In the current clinical context, drug dosing in oncology is dictated by toxicity. The optimal dosages of drugs in combinatory regimens for solid tumours are not clear, and the typical physician's decision on dose adjustment is a clinical judgement based on the degree of toxicity experienced by the patient. CURATE.AI - a small data, AI-derived technology platform - allows personalised guidance of an individual's dose modulations based only on that individual's data. Additionally, CURATE.AI is mechanism-independent, and dynamically adapts to changes experienced by the subject, providing dynamic dose optimisation throughout the duration of the subject's treatment. This study aims to demonstrate the feasibility of applying CURATE.AI in standard of care settings for treatment of solid tumours.
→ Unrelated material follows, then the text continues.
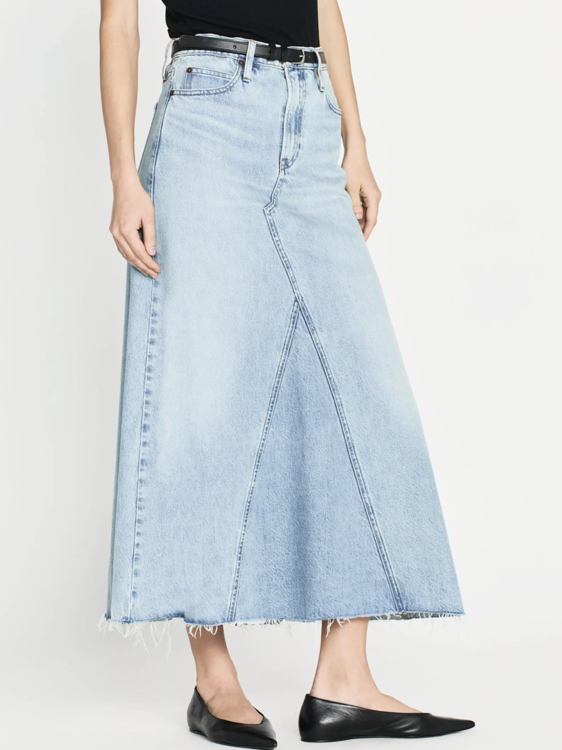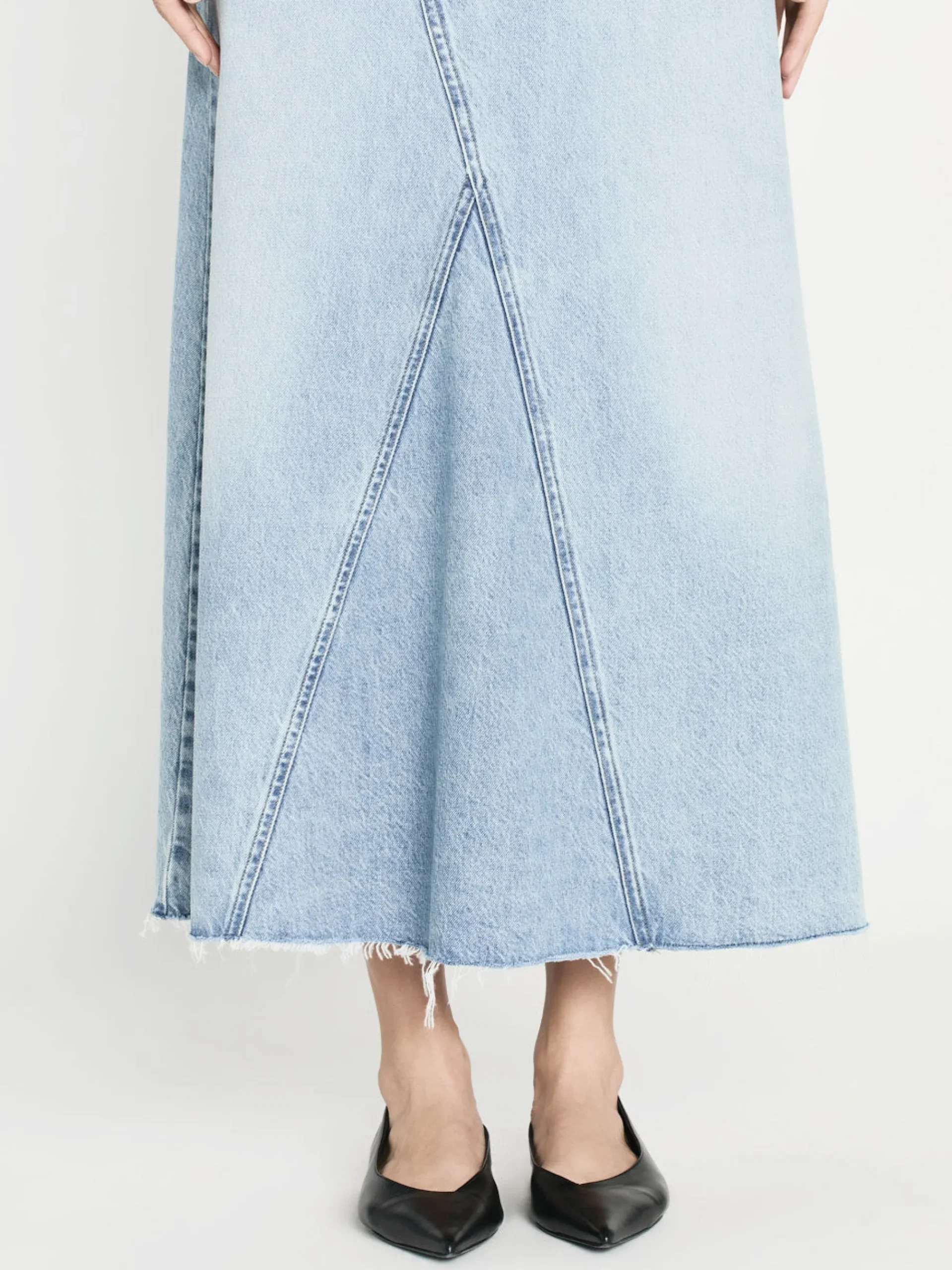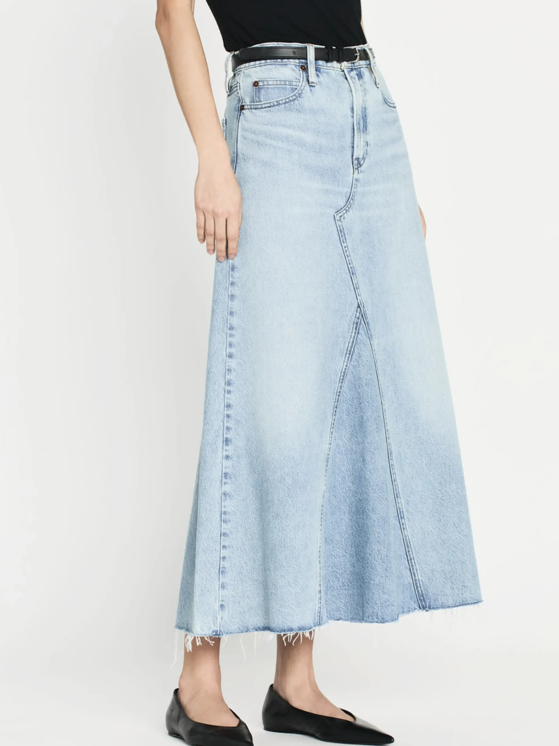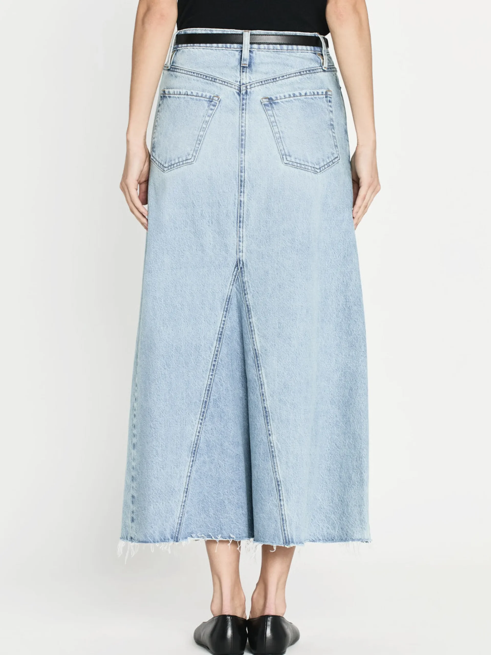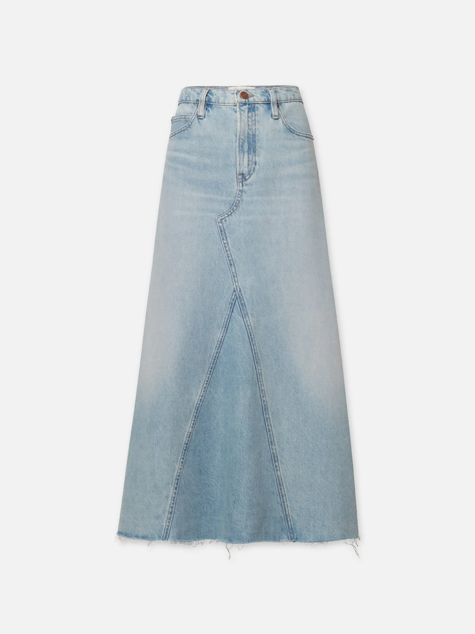 Giving the illusion of a jean that’s been reconstructed into a skirt—this high-rise maxi features an angled seam at the front and back with a frayed hem for a true vintage look. It’s crafted from a FRAME sustainable denim made with recycled materials.

An additional objective is to explore tumour markers in serial measurements at weekly frequency of probing, with modulated doses.

Detailed Description

Cancer patients are given drug combinations that promote cancer cell elimination. The final drug concentration in the body must fall within a narrow range that maximises cancer elimination while minimizing toxic side effects. The complexity of this task increases significantly with the number of drugs given in combination due to increasing parameters and stochastic behaviour of a biological system. Currently, the established approach is to select maximum tolerated doses (MTD) - the highest drug doses that do not cause unacceptable side effects. Treatment efficacy does not guide dose selection. Combined with limited personalisation, this dosing strategy often results in suboptimal outcomes of the treatment.
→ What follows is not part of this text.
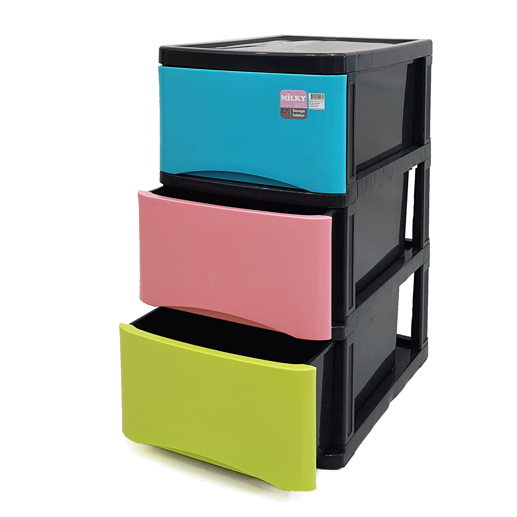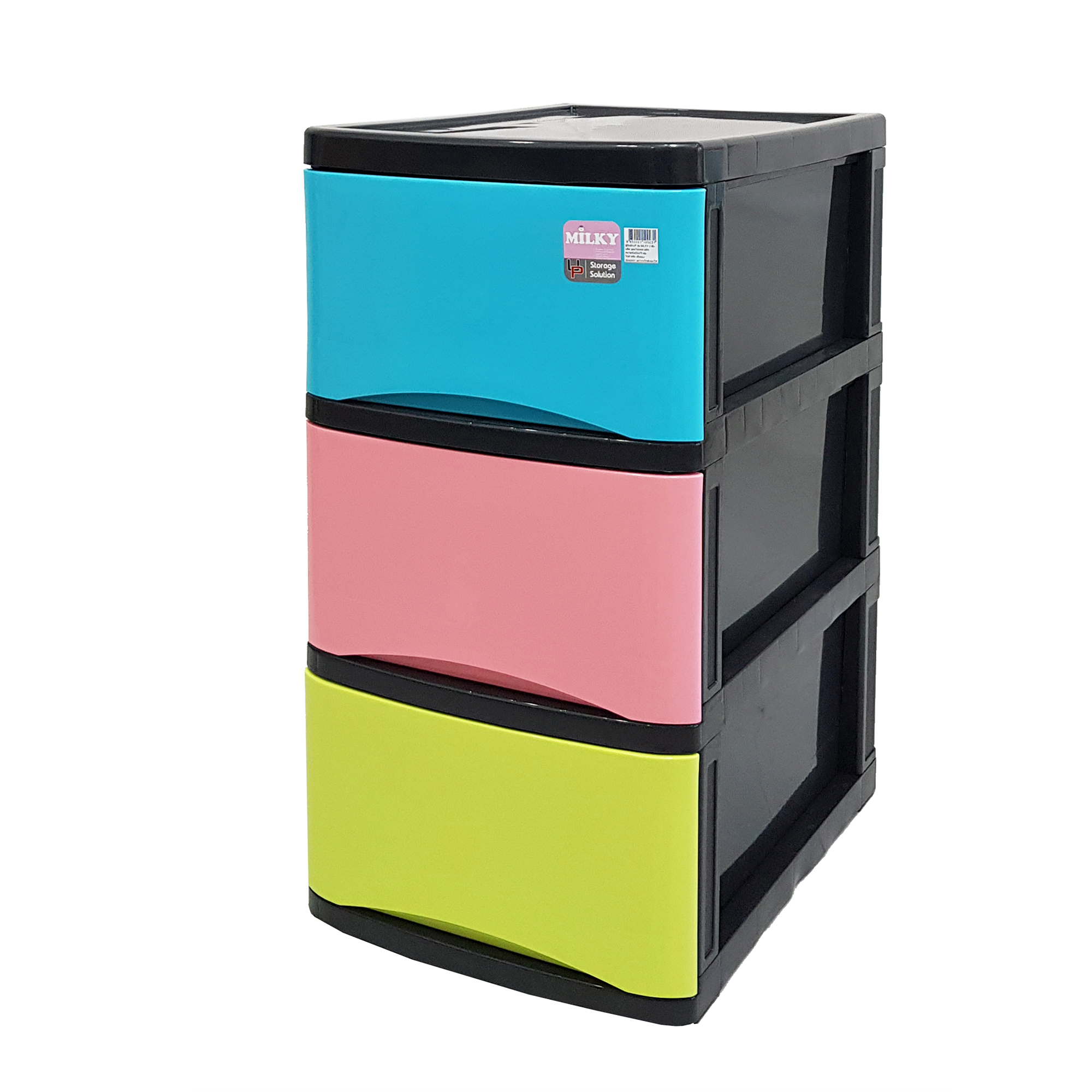 Colour: Black frame, pastel drawers.

CURATE.AI is an AI-derived, mechanism-independent, small data technology platform for personalised, dynamic dosing. CURATE.AI uses a quadratic equation to generate individualised CURATE.AI profile and dosing recommendation based on only that individual's medical data: drug doses and the corresponding response marker (e.g. blood tumour markers). Profile recalibration via CURATE.AI facilitates dynamic dosing and personalised care throughout the treatment duration, aimed at achieving the highest efficacy within pre-specified safe dose ranges.

CURATE.AI is an indication-agnostic platform that has already been applied clinically for a range of indications including in oncology. CURATE.AI can be applied to indications that demonstrate regularly measured dose-dependent relationship between the treatment dose and the treatment response (i.e. biomarker level). Currently, the gold standard of monitoring treatment response in solid tumour is via radiology (using criteria such as RECIST), which is usually done at the end of a few cycles of systemic therapy and therefore not suitable to be used as a CURATE.AI input signal for drug dose adjustment between cycles.. Additionally, haematological neoplasms often cannot be monitored with imaging. Waldenström macroglobulinaemia treatment response is assessed using an adaptation of the response criteria from the Eighth International Workshop on Waldenström macroglobulinaemia (IWWM-8) that includes blood markers. Blood-based tumour markers, e.g. carcinoembryonic antigen (CEA) and carbohydrate antigen 19-9 (CA19-9) and immunoglobulin M (IgM) markers, are more suitable to be implemented into CURATE.AI. Apart from these traditional tumour markers, recent advances in genomic sequencing have led to the application of plasma circulating tumour DNA (ctDNA) level as a novel marker of tumour burden. In addition, the serum free light chain (sFLC) has been widely used to assess treatment response for patients with multiple myeloma and other plasma cell dyscrasias, and has shown potential as a novel marker for disease burden in Waldenström macroglobulinaemia. Therefore, serial ctDNA and sFLC measurements, may be an appropriate input for CURATE.AI.

This Pilot Clinical Trial aims to set foundation to investigate the applicability and feasibility of the CURATE.AI platform within the current clinical setting for guided dosing of various systemic therapies commonly used for solid and haematological neoplasms

Individualised CURATE.AI profiles will be generated based on each participant's response to a set of drug doses. Subsequently, the personalised CURATE.AI profile will be used to recommend the efficacy-driven dose. CURATE.AI will operate only within the safety range for each drug prespecified for each participant.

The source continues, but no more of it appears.